Besides resolving the country’s longstanding socio-economic problems, the ongoing political talks in Zimbabwe will go a long way to start redressing the damage that has been inflicted onto the environment over the past decade.
A botched government led land reform programme resulted in the unmonitored movement of people and the untoward cutting down of trees and an increase in the poaching of endangered animal species.
For the past few weeks, the streets of Harare, Zimbabwe’s capital city, have been awash with talk about ongoing talks between incumbent President Robert Mugabe’s ZANU-PF party and the opposition Movement for Democratic Change (MDC) aimed at breaking the country’s political stalemate.
With neither the ballot nor the bullet being a solution to the stalemate, much hope has been staked on the talks.
The talks, which are being brokered by South African President Thabo Mbeki are seen as the last trump card in halting Zimbabwe’s downward spiral.
However, the talks which are coming in the wake of a negotiated political setup in Kenya are seen as setting a precedent in Africa in which the people’s voting power plays second fiddle to political expediency in the democratic process.
And with Mugabe clinging to executive powers won on the back of political mayhem, intimidation, and murder of opposition activists, there is but little headway in the talks achieving a credible solution.

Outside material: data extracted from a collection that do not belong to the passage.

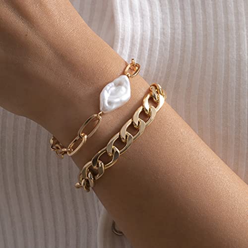 Branets Set di 2 braccialetti con perle boho e perle dorate da donna, regolabile, alla moda e alla moda, con catena punk, gioielli per donne e ragazze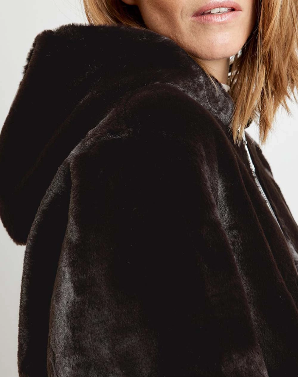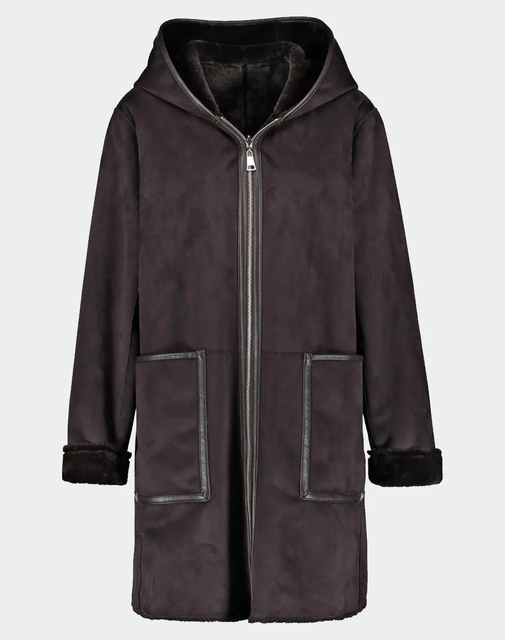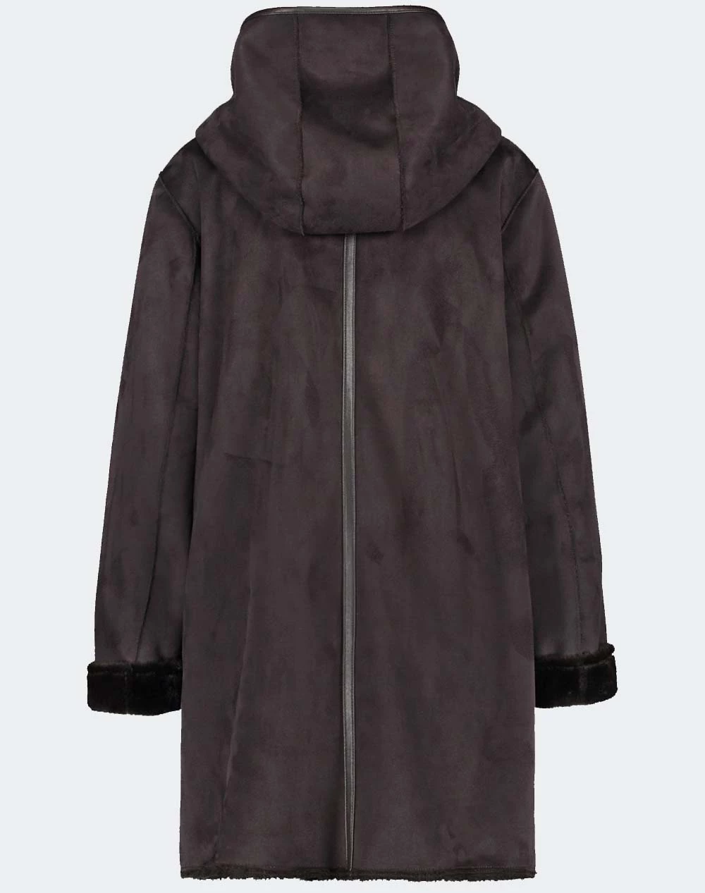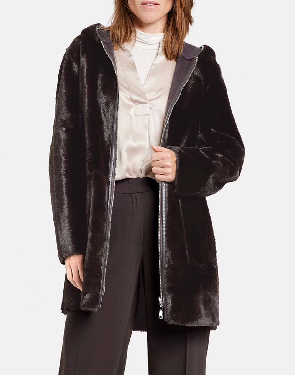Γυναικείο μακρύ μπουφάν τύπου παρκά, διπλής όψεος με κουκούλα και γούνινη επένδυση. Κλείσιμο με φερμουάρ. (Σύνθεση: 100% Πολυεστέρας)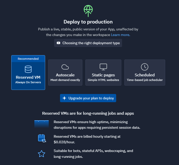 - Reserved VM Deployments: il nostro progetto viene eseguito su una macchina virtuale dedicata, il che garantisce prestazioni costanti e disponibilità continua. È la soluzione che scegliamo per bot, API, app web complesse o qualsiasi servizio che deve restare sempre attivo (come un bot Discord o una REST API personalizzata).

Already, the Zimbabwe Congress of Trade Unions (ZCTU), which played a key role in the formation of the MDC in 1999, has dismissed the power sharing talks as inconsequential.
Although the street talk is filled with a lot of optimism that this time the talks will usher a resolution to the country’s longstanding political problems, the road to be traversed ahead is still filled with major challenges.
There is no doubt that a political resolution is the first key step to the country’s recovery for a myriad of misplaced policies pursued by Mugabe’s government for the past 7 to 10 years.
With the ballot box having failed to resolve the country’s political problems, dialogue appears to be the only way to find a peaceful and democratic solution to avert the country’s Humpty Dumpty-like fall.
Failure of the ongoing dialogue process will propel the country toward the brink of collapse, further plunging the citizens of Zimbabwe into a state of unprecedented suffering.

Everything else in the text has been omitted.